Un bon brief de composition pop capture le message, le BPM, le feeling de la basse/du groove, le gimmick mélodique et la structure en mesures avant le début de la production, donnant à la session une cible commerciale au lieu d'un espoir vague.

L'"Assembleur" n'est pas un logiciel complexe ; c'est une liste de contrôle mentale et physique. Avant d'ouvrir votre DAW ou de vous asseoir à votre piano, vous devriez avoir un brief d'une page qui répond aux questions suivantes :

  1. Le Message : Quelle est l'émotion ou la déclaration spécifique et claire de ce morceau ?
  2. Le BPM : Dans quel monde de tempo exact écrivez-vous ?
  3. Le Feeling de la Basse/du Groove : Quel est le moteur du morceau ?
  4. Le Gimmick Mélodique à 3 Notes : Quelle courte cellule mélodique les gens retiendront-ils ?
  5. La Structure en Mesures : Quels sont les décomptes exacts en mesures pour les sections principales ?
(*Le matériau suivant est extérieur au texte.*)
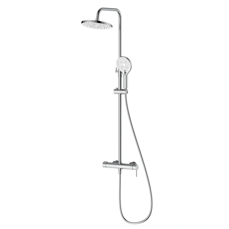 Smukły, cylindryczny zestaw natryskowy w błyszczącym wykończeniu Chrom połysk harmonijnie łączy elegancję i funkcjonalność. Styl: klasyczny i minimalistyczny z akcentem premium; forma proporcjonalna, a powierzchnia lśniąca podkreśla czystość linii. Solidny mosiężny korpus baterii i stalowy drążek tworzą trwałą, odporną na korozję konstrukcję, gotową do intensywnego, wieloletniego użytkowania.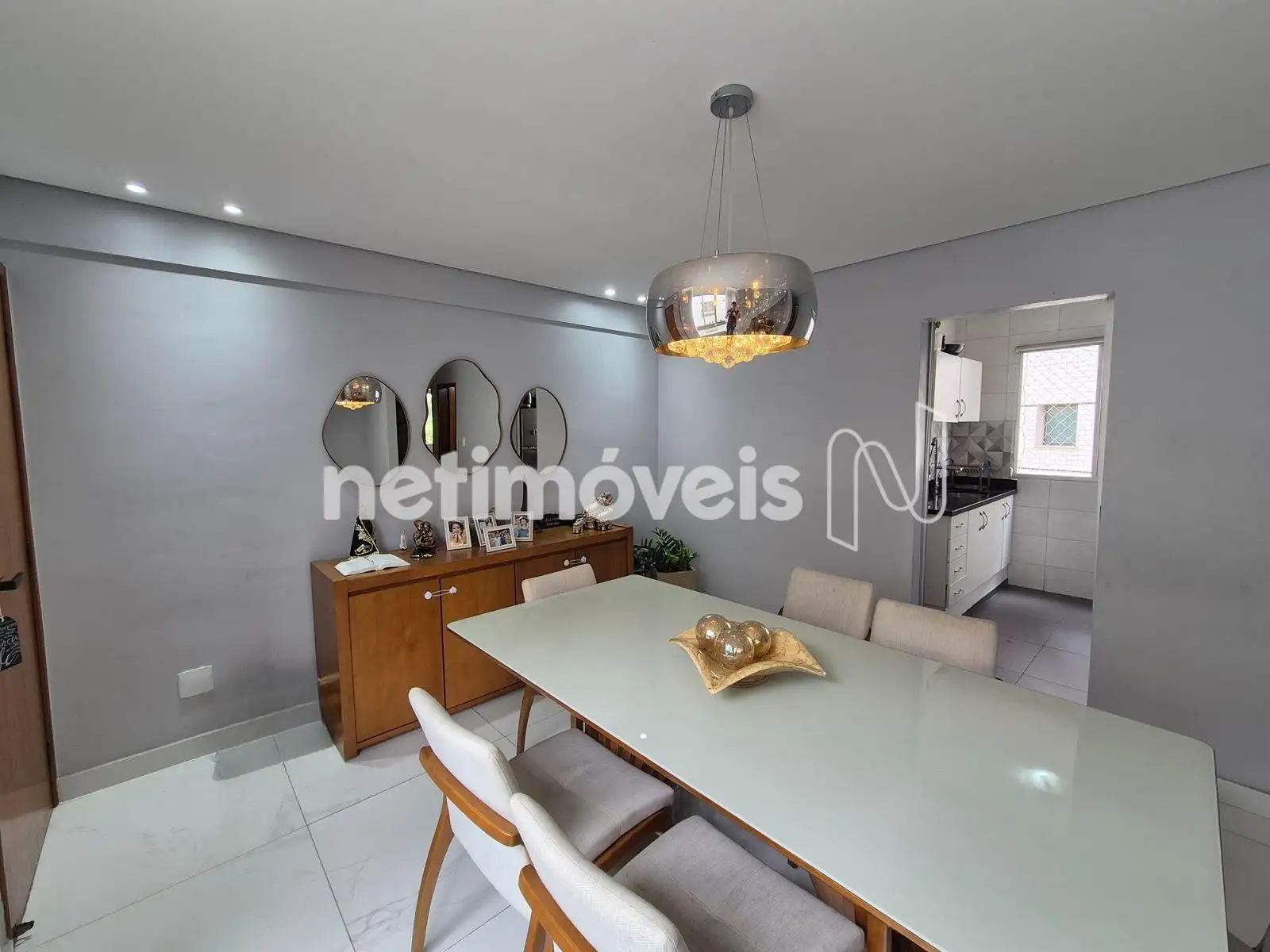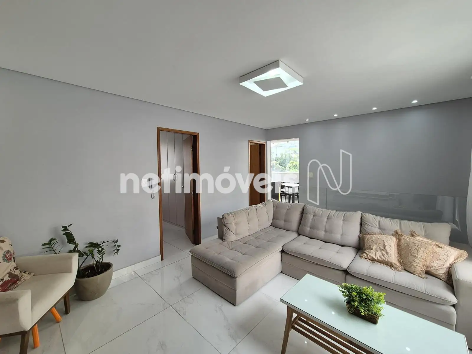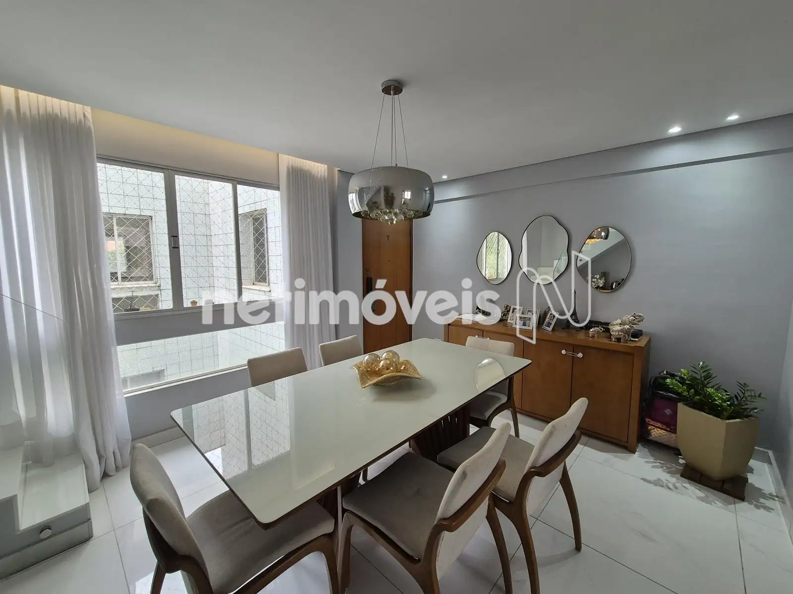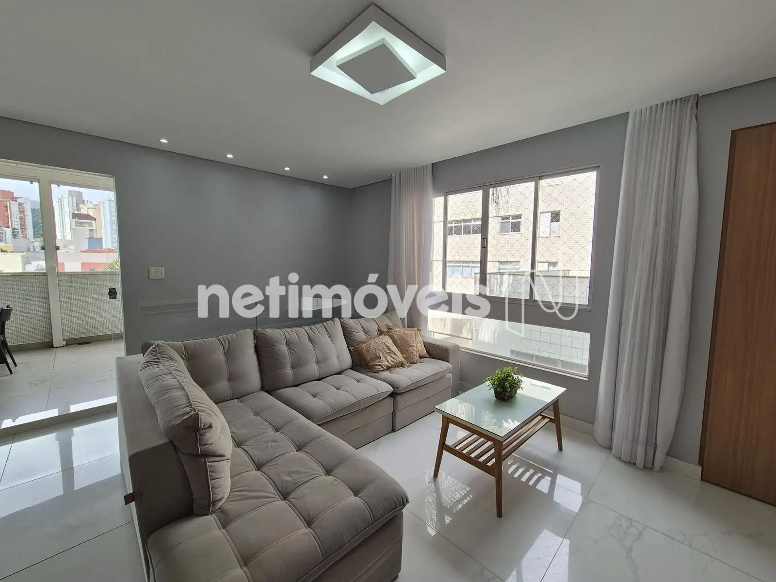 - Sala ampla para dois ambientes, cortinas, iluminação, piso de porcelanato, espelho

Comme le dit Nick : "Le test n'est pas de savoir si un autre musicien peut repérer vos influences, mais si la personne qui a commandé le brief a l'impression que le brief a été respecté." C'est le standard professionnel.

Essayez ceci maintenant : Avant d'ouvrir votre DAW, compilez un brief d'une page répondant à : Quel est le message ? Quel est le BPM ? Quel est le feeling de la basse/du groove ? Quel est le gimmick mélodique à 3 notes ? Quelle est la structure en mesures ? Comme le dit Nick : "suivre l'oreille plus que l'œil."

La reconstruction est-elle la même chose que l'utilisation d'un morceau de référence en mixage ?

Non. La reconstruction va au-delà de la comparaison sonore en analysant le message, le groove, le refrain et la forme d'une chanson afin que vous puissiez répondre à un brief commercial avec du matériel original.

Alors que le mixage utilise une référence pour le son, la reconstruction utilise une référence pour la logique architecturale : comment la chanson se construit, respire et répète ses refrains. C'est pourquoi la reconstruction de musique commerciale est une méthode de composition, pas seulement une astuce de production.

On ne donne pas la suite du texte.